There are two equations that can help to calculate relative atomic mass.

\text{Relative atomic mass}= \dfrac{\Sigma\left(\text{isotopic mass}\times\%\text{ abundance}\right)}{100}

\text{Relative atomic mass}= \dfrac{\Sigma\left(\text{isotopic mass}\times\text{relative abundance}\right)}{\text{total relative abundance}}

If given percentage abundance, the first equation is used, if given relative abundance the second equation is used.

Example: Calculate the relative atomic mass of this element using its % abundance values. 

\begin{aligned}A_{r}&=\dfrac{\Sigma\left(\text{isotopic mass}\times\%\text{ abundance}\right)}{100}\\ &=\dfrac{\left(54\times5.8\right)+\left(56\times91.8\right)+\left(57\times2.1\right)+\left(58\times0.3\right)}{100}\\&= \dfrac{313.2+5140.8+119.7+17.4}{100}\\& = \dfrac{5591.1}{100} \\&= 55.91\end{aligned}

You could also be asked to calculate relative atomic mass based on a mass spectrum. Mass spectra are created from data collected by the mass spectrometer. It shows the relative abundance against m/z, the mass charge ratio.

Chlorine and Bromine are both diatomic molecules with two isotopes.

• Chlorine: \text{Cl}^{35} \left(75\%\right) and \text{Cl}^{37} \left(25\%\right)
• Bromine: \text{Br}^{79} \left(50\%\right) and \text{Br}^{81} \left(50\%\right)

The height of the peak for bromine at \text{m/z} 160 will be due to the fact that there is double the probability of a \text{Br}^{81}\text{Br}^{79} molecule.

If a molecule goes through the mass spectrometer it can be ionised by one of two processes, electron impact or electrospray ionisation.

If electron impact ionisation is used, a molecule may break up into fragments which will cause multiple peaks.

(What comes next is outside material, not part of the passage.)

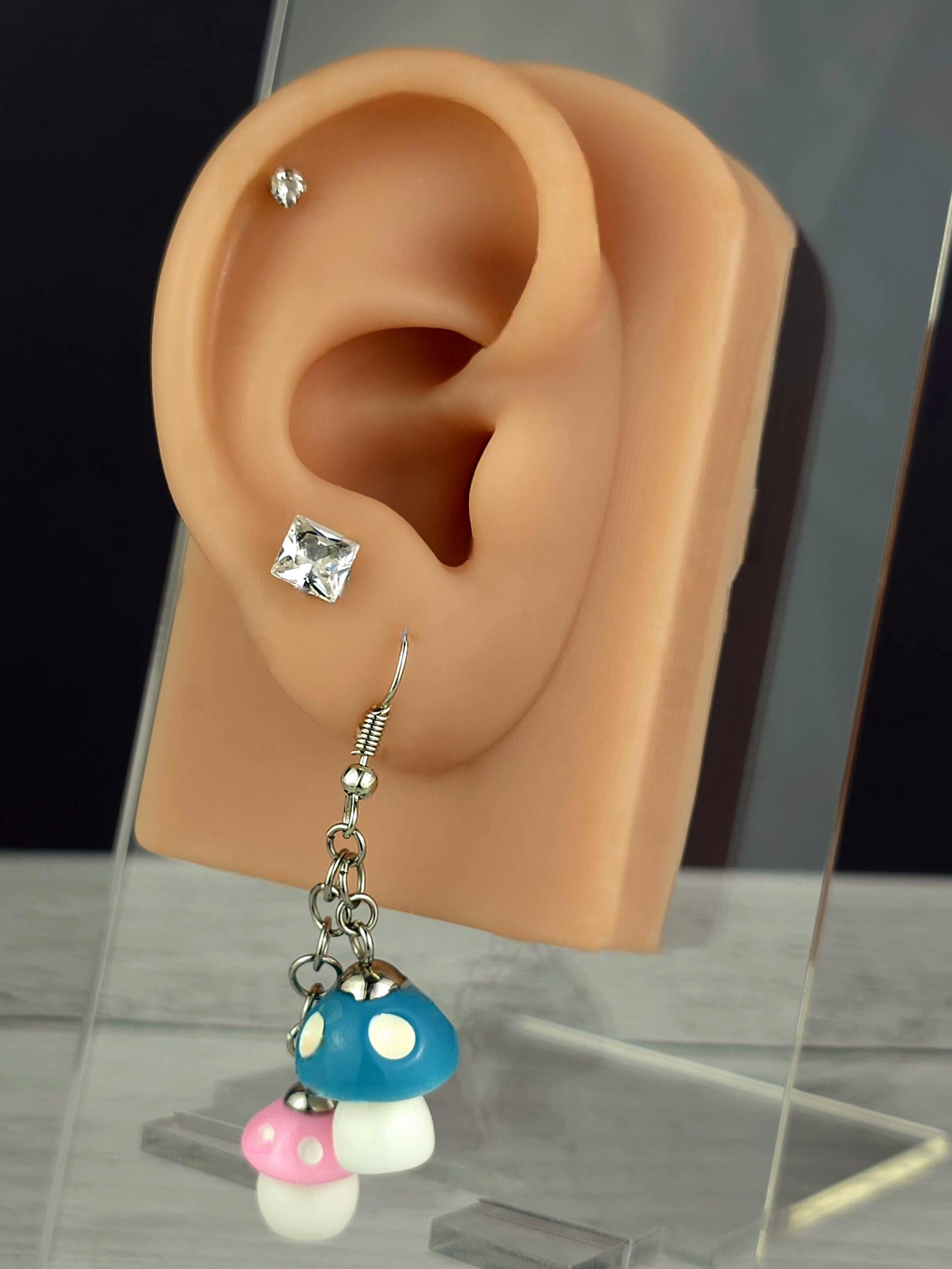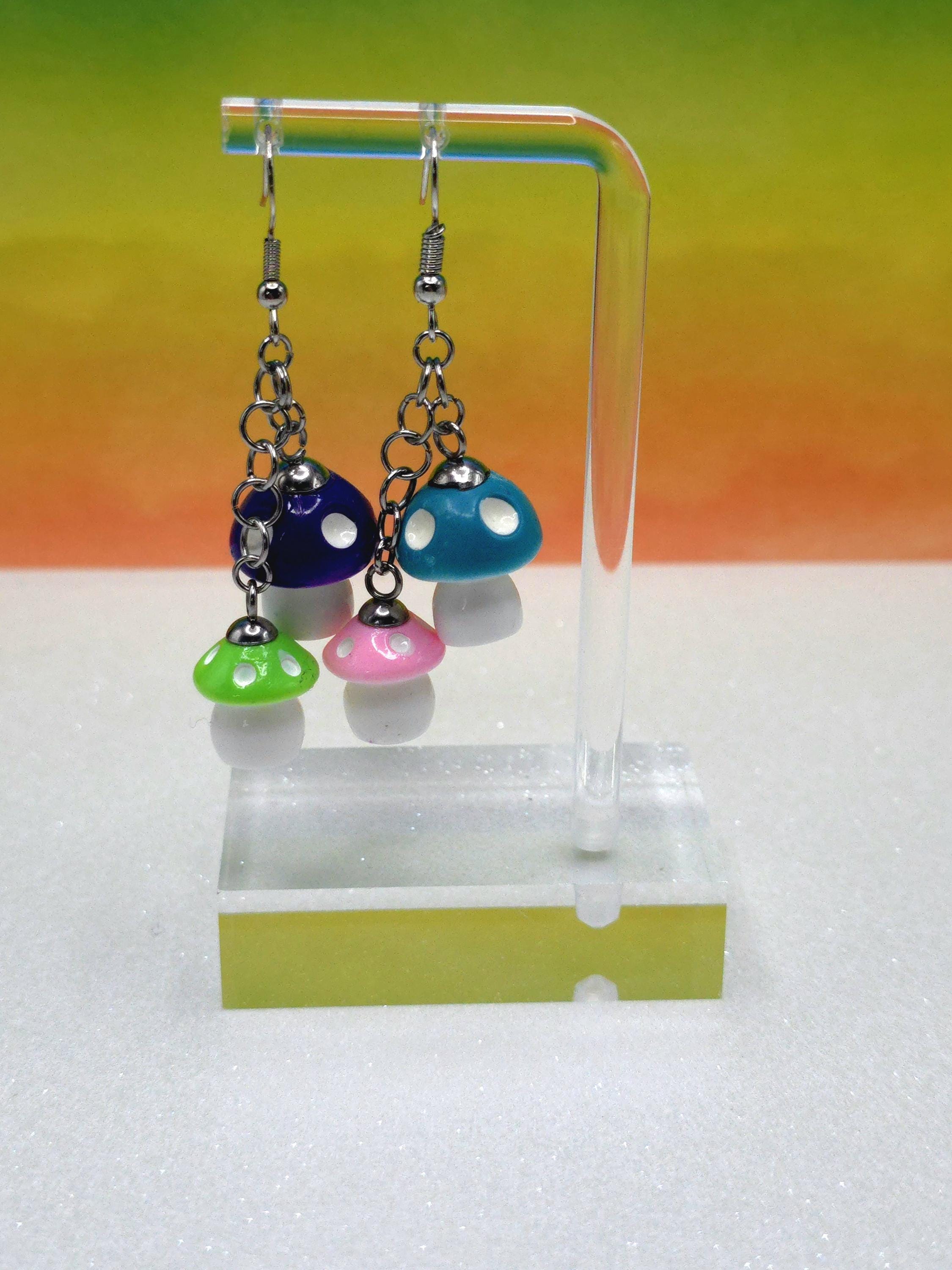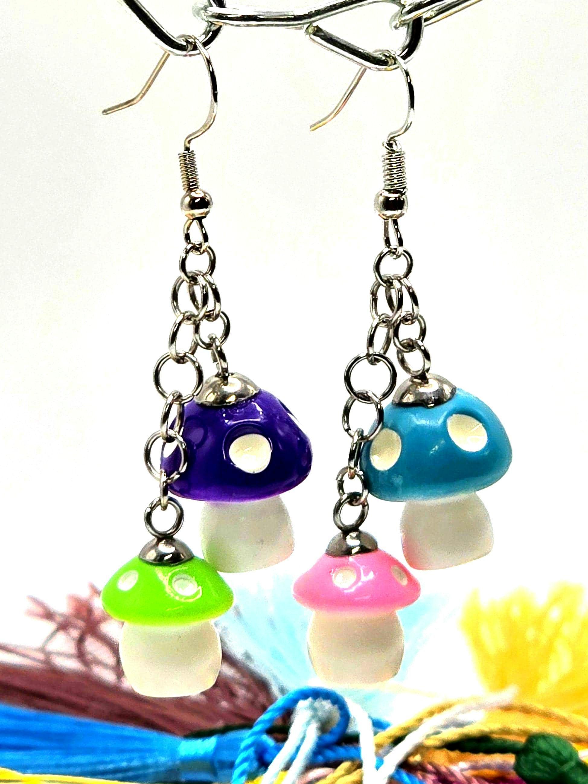 These stunning hook style earrings are crafted with high-quality stainless steel materials, ensuring durability and lasting shine. Each pair features one large mushroom and one small mushroom hanging from 2 layered stainless steel chains. These earrings feature a large blue and purple mushroom, and a small pink and green mushroom. These unique mismatch multicolor mushroom earrings feature a total length of 6cm, with a drop length of 4cm. The bigger charms are 1.5cm long by 1.5 wide (at the widest point of charm). The smaller charms are 1cm long by 1cm wide (at the widest point of charm). Add a touch of whimsy to your outfit with these unique and eye-catching earrings. Perfect for any occasion. A must have for all us mushroom lovers.

Relative molecular mass (M_r) is the average mass of a molecule of an element or a compound compared to one twelfth the mass of an atom of carbon.

To find the M_r of the molecule, you will need to find the peak with the biggest m/z value.

The figure below shows the mass spectra for pentane, by looking at the peak with the biggest m/z value, we can work out that the ion has an M_r of 72.

If electrospray ionisation is used, there will be no fragmentation and so there will be only one peak caused by the intact molecule. Because the molecule will have a \text{H}^+ ion added to it, to determine the M_r, 1 will need to be subtracted to account for the \text{H}^+ ion.